一回吐いたらもう出し切ったと思ったのと、脱水症状になるのは良くないと思ったため、リビングで麦茶を飲んだ(ちょうど我が家にはスポドリも経口補水液もなく、よりミネラルが含まれているのは鶴瓶の麦茶だろうと思ったため)。しかし後から知ったことだが、吐いた後はうがいをするのみでしばらく絶飲食の方がいいそうだ。案の定また吐いた。今度はトイレに行く余裕があったので汚さなかったが、さすがにふらふらだった。胃酸のにおいって、なんでこんなに不快なんだと思った。ちょっと貧血っぽくもなっていたのかもしれない。結局そのまま1時間半ほどぼんやりし、4時ごろに寝た。

〈1月25日〉

早朝、ポケモンスリープのアラームが、元気な時の私が設定した時刻をお知らせしてくれた。起きても何も食べられる気がせず、またかなり余裕を持った時間にアラームをかけていたため、ふらふらのろのろと顔を洗い、ぼーっとし、着替え、ぼーっとして、最後の荷づくりをした。着ようと思っていた服は、もし旅行中に吐いて汚して廃棄……となった場合あまりにもつらすぎるため、スーツケースに詰めてホテルで観劇直前に着替えることにした。髪を整える余裕すらなく、髪が変な方向にビヨンビヨンはねていて、すっぴんの上顔色も悪く、毛玉だらけのスウェットにジーパンの出で立ち。とてもこれから文化の中心地TOKYOに観光に行く人間とは思えない。
朝になって嘔吐は収まったが、今度は腹を下すようになった。ただ、私は常日頃から特に何もなくてもお腹を下しているような人間である。褒められることではないが、いつもの感じと言えばいつもの感じなので少し安心した。安心するところではない。ただ、下痢以外に発熱などの諸症状はないためその点は安心である。嘔吐が収まったので他人に迷惑をかけることもないだろう。

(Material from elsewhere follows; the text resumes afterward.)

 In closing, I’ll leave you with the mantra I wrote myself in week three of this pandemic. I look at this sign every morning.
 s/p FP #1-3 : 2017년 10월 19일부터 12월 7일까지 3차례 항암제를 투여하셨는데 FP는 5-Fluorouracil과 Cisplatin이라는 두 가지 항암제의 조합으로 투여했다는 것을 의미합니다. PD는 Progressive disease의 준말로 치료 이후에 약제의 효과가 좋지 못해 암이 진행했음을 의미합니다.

なんとか広島空港へ到着する。しかし出発便まで時間があり、そして座った状態でそれまで待つのはだいぶつらかった。長椅子に横になろうかと思ったが、外聞が悪すぎるし座面は板なのでシンプルに痛い。一縷の望みをかけて、案内所の人に横になれる場所はないかと聞いたところ、ベッドのある休養室を案内してもらった。少しでも布団で横になれる環境はとてもありがたかった。
ただ、このあたりから、水分をとればすぐにそれが水様便として出てくるようになった。嘔吐にしても下痢にしても、脱水が一番怖いので、下した直後にポカリを一口飲んでいたが、その直後に水様便として出てくる。水あたりというらしい。
Twitter(自称X)で、優しいフォロワーから体調を心配するメッセージが入っていた。本当に嬉しかった。「東京も寒いのでお気をつけて……」と書いてあったが、標高が国内第3位の広島空港に比べれば東京は南国である。ちなみにその時の外気温は体感マイナス5度くらいあった。天気予報を調べ、東京の最高気温:11度の文字を見てちょっとふふっとなった。

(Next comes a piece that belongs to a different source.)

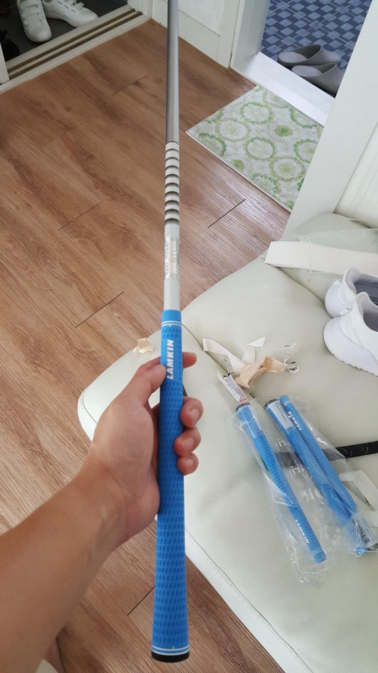 중간정도 넣고 그립끝을 벽에 대고 샤프트로 꾹 눌러주면 편해요 |

少し休ませてもらい、いよいよ出発である。身の回り品のカバンに飲みかけのポカリを入れていたため、他のものと別で検査をされていた。無事、異常なしと証明されたポカリは、堂々とした面持ちで私の元に帰ってきた。
先日の飛行機事故を受け、なるべく非常口近くの通路側をと思って席を取ったのが功を奏した。機内最後方のため、トイレも近く、またCAさんの待機場所とも近い。安心感がすごかった。
機内でも、ポカリを少し飲んでは下し、飲んでは下しを繰り返していた。トイレに行くたび顔がやつれているのが自分でもわかった。CAさんに体調が悪いですと言おうかと思ったが、言ったところで何にもならないなと思ったので耐えた。何しろ自分自身がどうすればいいのかわからないので。とりあえずポカリを飲むのをやめた。
着陸にあたり、10分ほど揺れた。10分揺れたと思ったが、もっと長かったような気もするし、もしかしたら10分どころではなく3分だったのかもしれない。私としては長い時間だった。上にふわっと浮き、急にふわっと沈むのを繰り返す。ジェットコースターの小さな起伏を小出しにされている感じだ。私は元気だったらこういうのが大好きなのでいくらでもはしゃいでいられたが、元気ではないので全くそういう気分にはならない。シンプルに死ぬ!と思った。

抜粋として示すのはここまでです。